Tutto inizia, infatti, nel 2003, anni di grande fermento a Sud, dove si assiste a una profonda rinascita culturale, una vera e propria riscoperta dell’identità, soprattutto attraverso la musica. Sono gli anni in cui i Sud Sound System iniziano a varcare i confini della penisola salentina e la Notte della Taranta a richiamare curiosi da tutto il mondo. “Per noi, che eravamo partiti per l’università e sognavamo da sempre di tornare, quegli anni sono stati il terreno fertile ideale per lasciar germogliare i nostri progetti”.

Il Parco dei Paduli nasce, in particolare, dalla volontà di liberarsi da una visione deterministica di trasformazione del territorio, dove un solo punto di vista, quello del tecnico o dell’esperto di turno, non propone ma impone una soluzione strategica calata dall’alto. “L’obiettivo era, ed è ancora, quello di coinvolgere la comunità, superare il consenso acritico e proporre un metodo creativo di conoscenza del territorio”, spiega Mauro, “lasciare che anche altri punti di vista si uniscano alla messa a punto di una soluzione, quello degli abitanti, dei sociologi, degli agronomi, degli urbanisti, per avere, come punto di partenza, una visione multipla”.

 

Il confronto inizia con un laboratorio di ricerca sull’identità del territorio. Primo appuntamento: la piazza principale di San Cassiano, comune di poco più di 2000 anime, 60 persone, ma non solo, anche microfoni, interviste, telecamere, emittenti televisive locali. Pur nella diffidenza generale, il laboratorio comincia con sole tre regole: attinenza al tema, ricerca da perseguire insieme agli abitanti, obbligo di lasciare alla comunità la produzione finale del laboratorio. “Per esporre i risultati del primo laboratorio, scegliamo le stanze de nanti”, continua Mauro. Le “stanze davanti” sono i soggiorni, la prima stanza della casa nelle abitazioni più antiche, quelle che si affacciano sule viuzze dei centri storici, riparate solo da una tendina durante le giornate più calde. “Qui abbiamo presentato i nostri lavori, le ricerche, perché diventassero parte della vita quotidiana degli abitanti”. Da qui inizia la nuova vita di un campo d’ulivi, dove agli inizi del secolo scorso si produceva l’olio lampante che finiva nei lampioni di tutte le capitali europee. Partivano dal porto di Gallipoli, infatti, le navi che rifornivano di carburante città lontane, come Mosca o le grandi metropoli americane, illuminate a olio salentino. Un momento d’oro per l’agricoltura nel Salento che poi si affievolisce intorno agli anni Cinquanta, quando il parco è completamente abbandonato.
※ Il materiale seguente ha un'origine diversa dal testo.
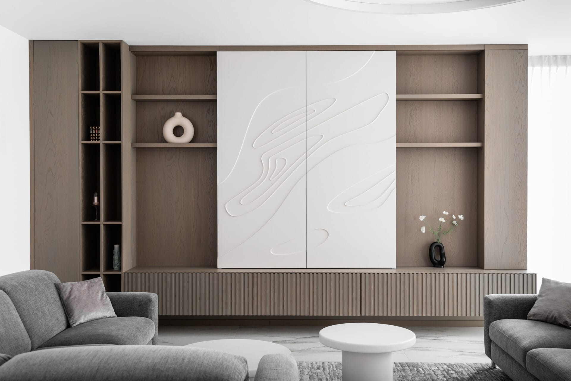 Dýha dub Sundry, kartáčovaný, olej Rubio – Platinová šedá / Matný lak RAL 9003 u posuvných dveří s reliefém.

Con l’adozione della legge regionale sulla rigenerazione urbana, nel 2008, la Puglia assiste a un vero e proprio risveglio, con la sperimentazione di nuove strategie di innovazione urbana, economica e sociale. Nel 2009, la Regione trasferisce l’Ufficio di Piano nel laboratorio estivo di San Cassiano ed è qui che nascono le linee guida per tutti i parchi agricoli regionali, un piano paesaggistico sottoscritto anche dal Ministero della Cultura. Nel 2011 il parco taglia il suo primo traguardo importante: le ricerche condotte negli anni passati si organizzano in un vero e proprio Programma Integrato di Rigenerazione Urbana, dal titolo evocativo, “Terre dei Paduli, tra ulivi pietre e icone”. Si stringe un protocollo d’intesa tra la Regione, i Comuni e per la prima volta un’associazione culturale, il Lua, la cui funzione è coordinare i dieci comuni nell’utilizzo del parco agricolo multifunzionale. Il progetto vince un importante bando della Regione Puglia e, con i primi fondi europei, pari a 6 milioni di euro, si decide insieme di riqualificare i centri urbani ma soprattutto investire sul recupero delle strade poderali, per favorire l’interconnessione tra i comuni affacciati sul parco.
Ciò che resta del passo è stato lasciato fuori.